Was hat der "Messias" der Linken den erriecht? Guantanamo: Immer noch da Erderwärmung: Schreitet voran Waffenrecht: Immer noch alles beim Alten WallStreet: Zocken immer noch ungehemmt Amerikas Kriege: Syrien steht an Nichts hat sich geändert. Auch am Recht der Amerikaner Waffen zu besitzen wird sich nichts ändern. Egal wie viele Kinder noch erschossen werden.
Gluehweintrinker 28.04.2013
2. Die Gefahr im Überraschungs-Ei
Na, hören Sie mal! Es könnten Millionen von Kinder versehentlich eine Schlumpf-Figur verschlucken inklusive gelben Behälter, wenn sie heißhungrig das Ei im Ganzen verschlingen wollen. Da muss man wachsam sein. Schnapspralinen gehen natürlich auch nicht. Die berühmte Piemont-Kirsche muss in den USA alkoholfrei verzehrt werden. Es könnte ja versehentlich ein Kind eine Weinbrandbohne vernaschen. Und dass Alkohol ein teuflisches Ding ist, wissen wir spätestens seit der Prohibition. Waffen sind segensreich und bringen den "Frieden" in die Welt. Selten so sarkastisch gekichert. Meine Theorie: lasst die Amis Schnapspralinen essen bis sie glücklich sind, und legalisiert den Alkoholkonsum unter freiem Himmel! Oktoberfest für alle. Ich wette, die Zahl der Schusswaffenopfer sinkt!
blue.sky 28.04.2013
3. Die Waffen
in der US-Zivilgesellschaft tragen allerderdings noch eine ganz andere Gefahr in sich. Fall es zu flächendeckenden sozialen Unruhen kommen sollte, sieht sich die US-Administration einer durchweg bewaffneten Bevölkerung gegenüber.

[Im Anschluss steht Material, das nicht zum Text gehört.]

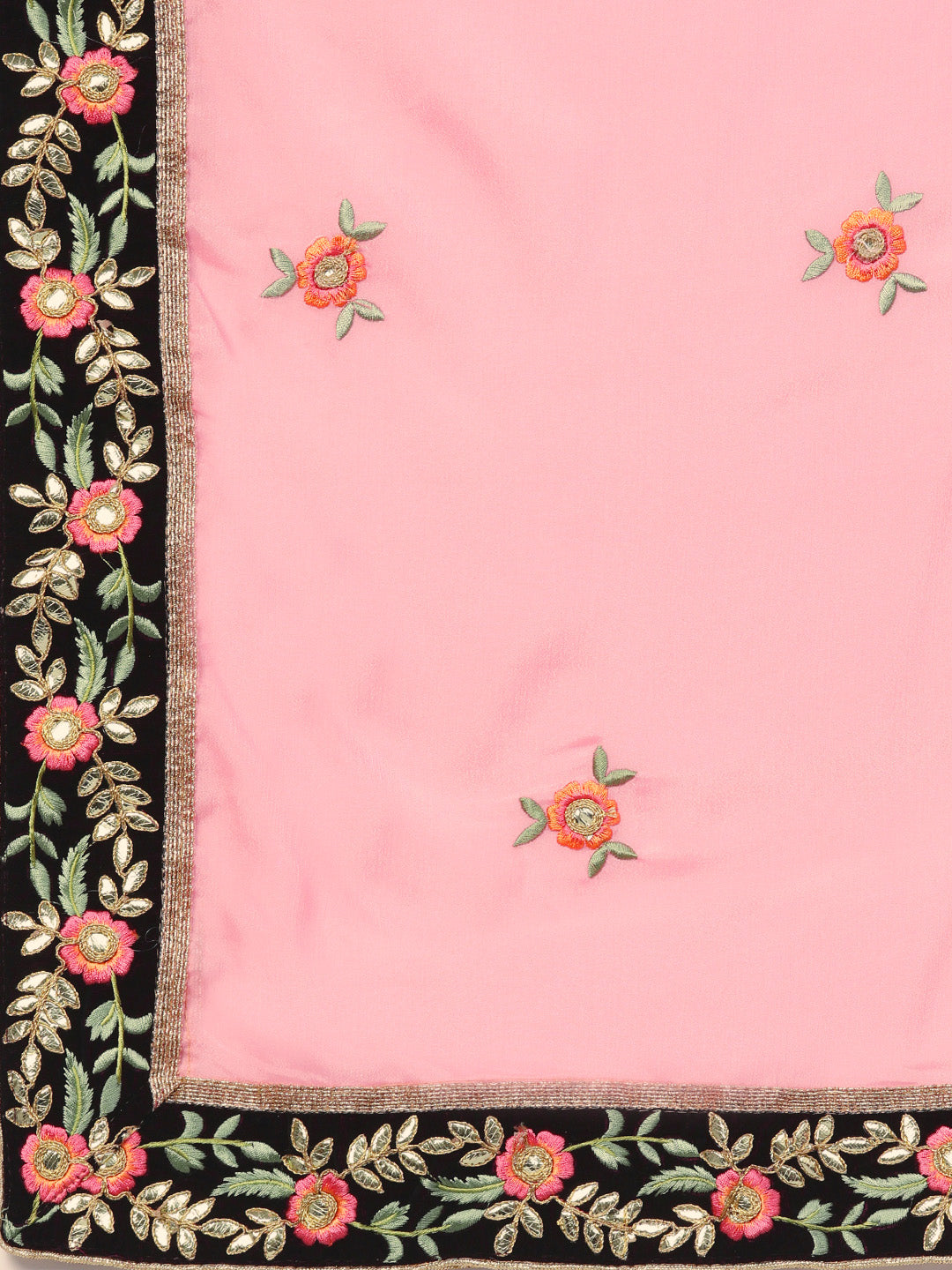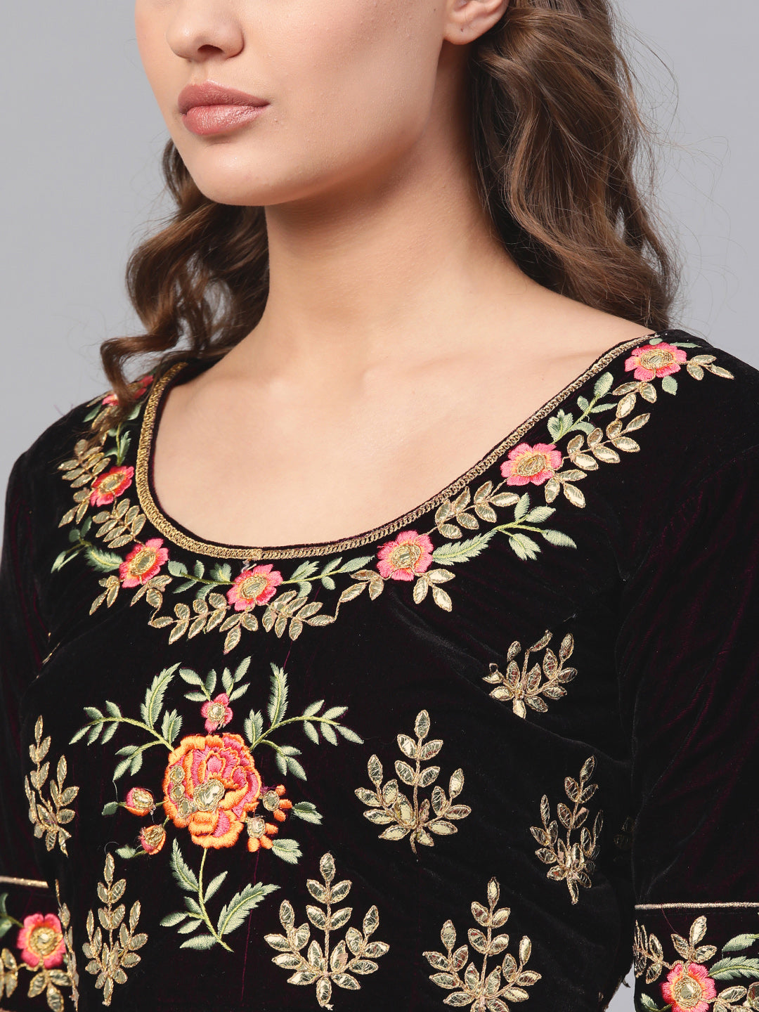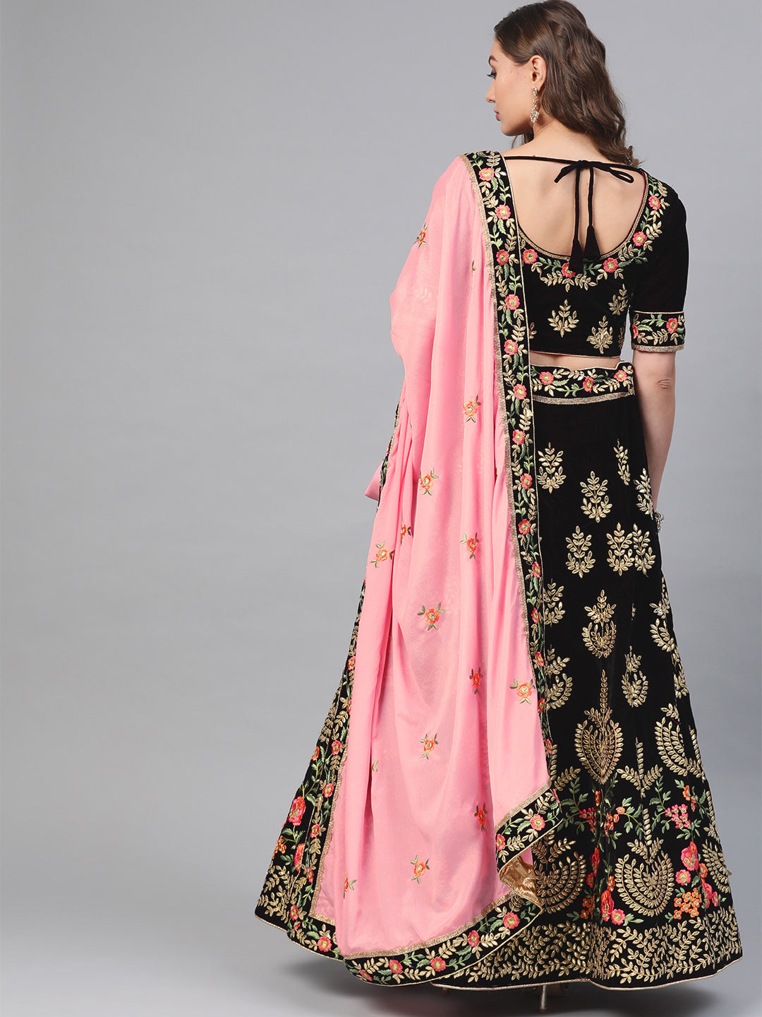Velvet Semi-stitched Lehenga with Gota patti Embroidery

Die dürfte mit einiger Organisation und ihrer Masse regulären Einheiten erhebliche Schwierigkeiten bereiten. Hier befindeden sich Staatsräson und Waffenlobby im direkten Interessenskonflikt.
muellerthomas 28.04.2013
4.
Zitat von StreitaxtWas hat der "Messias" der Linken den erriecht? Guantanamo: Immer noch da Erderwärmung: Schreitet voran Waffenrecht: Immer noch alles beim Alten WallStreet: Zocken immer noch ungehemmt Amerikas Kriege: Syrien steht an Nichts hat sich geändert. Auch am Recht der Amerikaner Waffen zu besitzen wird sich nichts ändern. Egal wie viele Kinder noch erschossen werden.
Sie werfen Obama vor, die Erderwärmung nicht gestoppt zu haben? *rofl Nein, es gab umfangreiche Reformen ganz im Gegensatz zu Europa. Also bisher nicht, oder? Die Große Rezession wurde beendet, es entstehen neue Arbeitsplätze, eine Krankenversicherung wurde eingeführt, der Irakkrieg beendet,...
Promethium 28.04.2013
5. Schlecht informiert
---Zitat--- Fast 60 Prozent befürworten ein Verbot von Sturmgewehren. ---Zitatende--- Und deswegen sind die auch seit 1934 bereits verboten! Siehe National Firearms Act. Es sind lediglich Gewehre die wie Sturmgewehre aussehen in den USA erlaubt! Wer in den USA ohne Sondergenehmigung mit einem Gewehr angetroffen wird das wie ein Sturmgewehr funktioniert, bekommt für bis zu 10 Jahre eine Zelle in einem US-Bundesgefängnis (früher z.B. Alcatraz). Zuständig für die Verfolgung von Leuten die echte Sturmgewehre besitzen, ist übrigens das ATF und die gelten als die härteste Polizeitruppe der USA.